==== Information supplied
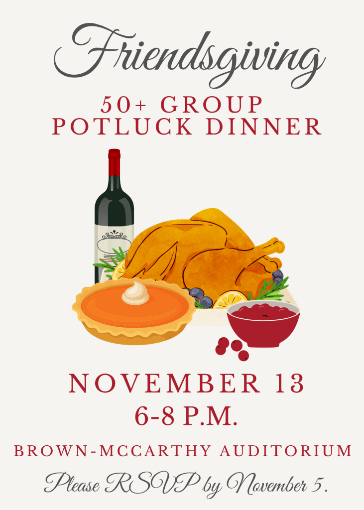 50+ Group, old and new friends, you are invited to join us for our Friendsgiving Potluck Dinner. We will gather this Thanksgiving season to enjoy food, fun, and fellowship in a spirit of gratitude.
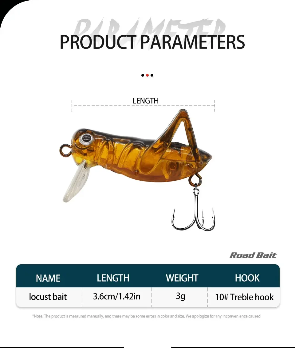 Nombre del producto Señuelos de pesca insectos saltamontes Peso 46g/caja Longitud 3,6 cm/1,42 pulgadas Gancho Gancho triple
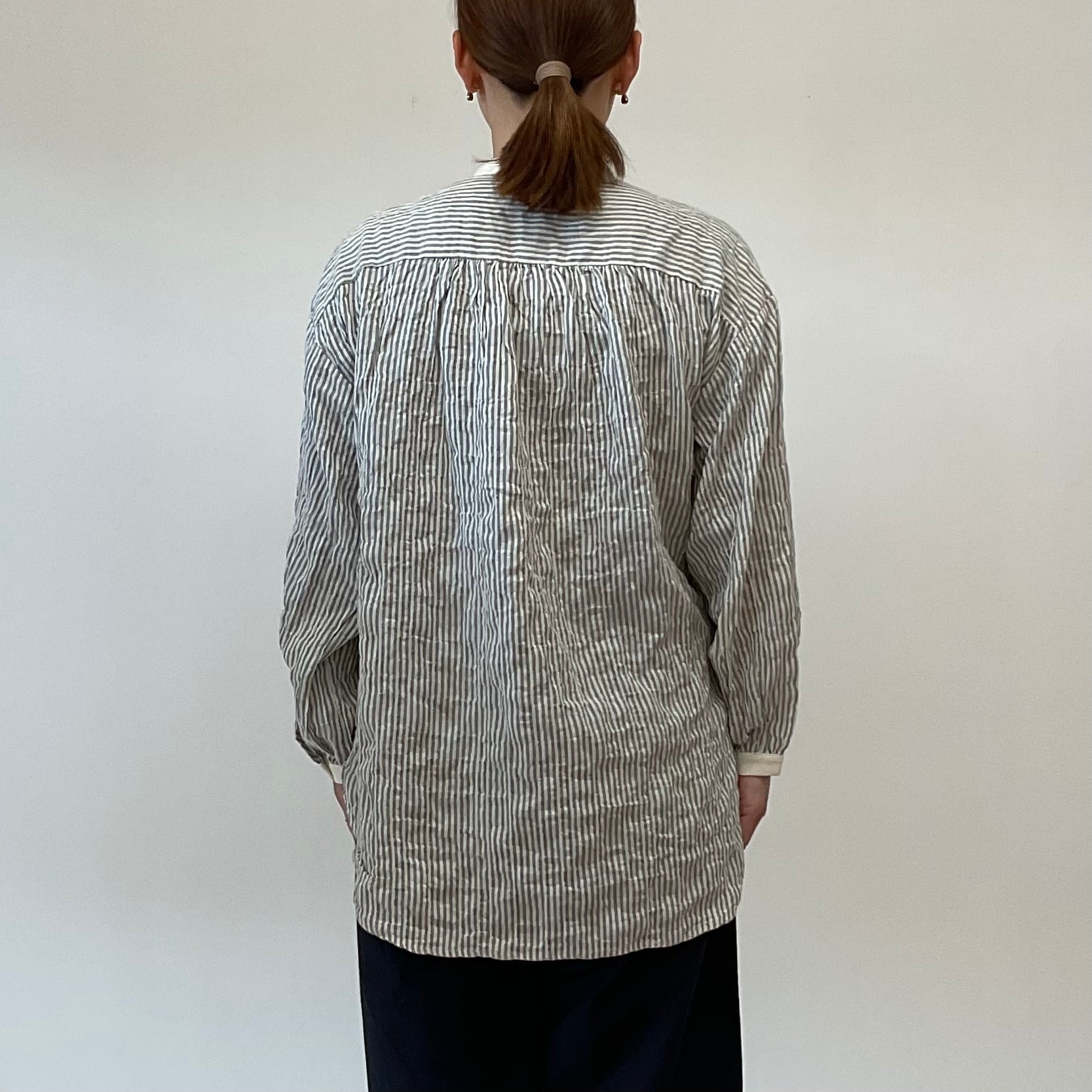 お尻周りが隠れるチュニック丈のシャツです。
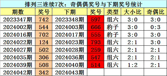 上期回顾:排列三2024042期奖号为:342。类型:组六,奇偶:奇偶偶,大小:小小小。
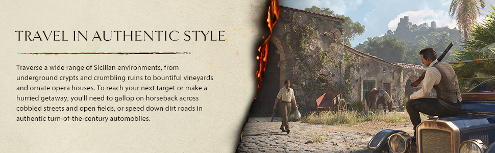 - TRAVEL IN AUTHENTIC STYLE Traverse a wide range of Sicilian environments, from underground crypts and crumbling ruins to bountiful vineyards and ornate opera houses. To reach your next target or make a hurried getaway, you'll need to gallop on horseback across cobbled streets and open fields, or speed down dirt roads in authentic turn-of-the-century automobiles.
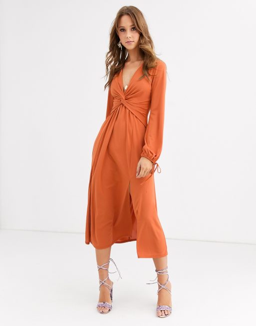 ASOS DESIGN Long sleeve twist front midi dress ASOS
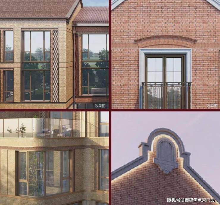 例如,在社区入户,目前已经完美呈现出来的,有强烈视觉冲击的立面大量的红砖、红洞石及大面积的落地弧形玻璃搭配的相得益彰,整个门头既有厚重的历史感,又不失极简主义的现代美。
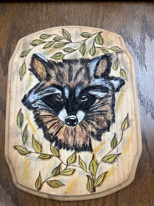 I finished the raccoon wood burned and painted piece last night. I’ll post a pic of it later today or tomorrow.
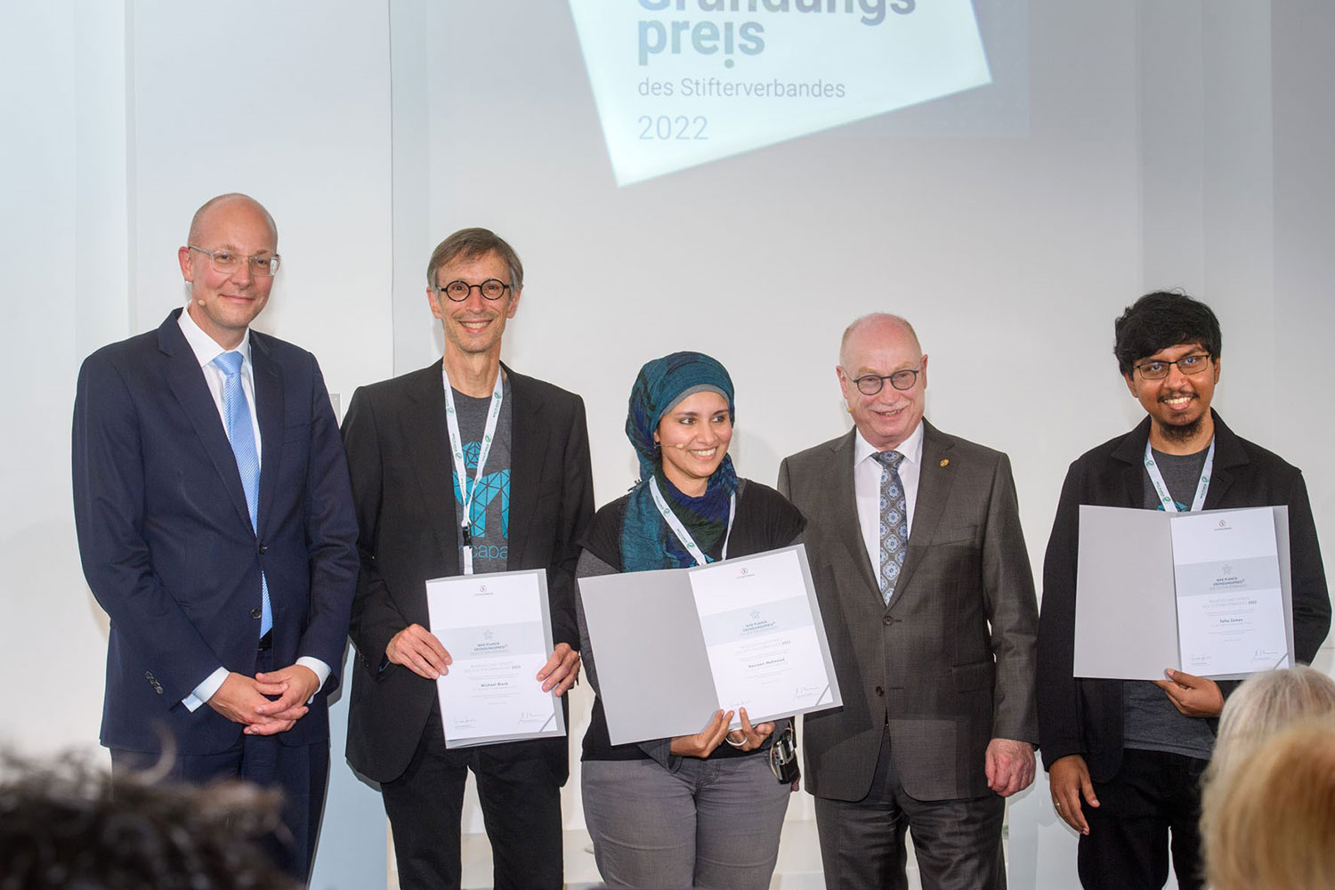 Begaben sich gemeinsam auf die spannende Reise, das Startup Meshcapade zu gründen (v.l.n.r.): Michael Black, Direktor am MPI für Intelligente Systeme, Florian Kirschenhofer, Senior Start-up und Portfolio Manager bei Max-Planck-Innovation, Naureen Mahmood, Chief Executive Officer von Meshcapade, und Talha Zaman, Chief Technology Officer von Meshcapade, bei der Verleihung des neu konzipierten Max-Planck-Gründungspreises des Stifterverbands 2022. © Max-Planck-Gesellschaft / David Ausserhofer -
========
_Problem description_:
Without including any pictures, reproduce the data exactly.

_Task response_:
 50+ Group, old and new friends, you are invited to join us for our Friendsgiving Potluck Dinner. We will gather this Thanksgiving season to enjoy food, fun, and fellowship in a spirit of gratitude.
 Nombre del producto Señuelos de pesca insectos saltamontes Peso 46g/caja Longitud 3,6 cm/1,42 pulgadas Gancho Gancho triple
 お尻周りが隠れるチュニック丈のシャツです。
 上期回顾:排列三2024042期奖号为:342。类型:组六,奇偶:奇偶偶,大小:小小小。
 - TRAVEL IN AUTHENTIC STYLE Traverse a wide range of Sicilian environments, from underground crypts and crumbling ruins to bountiful vineyards and ornate opera houses. To reach your next target or make a hurried getaway, you'll need to gallop on horseback across cobbled streets and open fields, or speed down dirt roads in authentic turn-of-the-century automobiles.
 ASOS DESIGN Long sleeve twist front midi dress ASOS
 例如,在社区入户,目前已经完美呈现出来的,有强烈视觉冲击的立面大量的红砖、红洞石及大面积的落地弧形玻璃搭配的相得益彰,整个门头既有厚重的历史感,又不失极简主义的现代美。
 I finished the raccoon wood burned and painted piece last night. I’ll post a pic of it later today or tomorrow.
 Begaben sich gemeinsam auf die spannende Reise, das Startup Meshcapade zu gründen (v.l.n.r.): Michael Black, Direktor am MPI für Intelligente Systeme, Florian Kirschenhofer, Senior Start-up und Portfolio Manager bei Max-Planck-Innovation, Naureen Mahmood, Chief Executive Officer von Meshcapade, und Talha Zaman, Chief Technology Officer von Meshcapade, bei der Verleihung des neu konzipierten Max-Planck-Gründungspreises des Stifterverbands 2022. © Max-Planck-Gesellschaft / David Ausserhofer -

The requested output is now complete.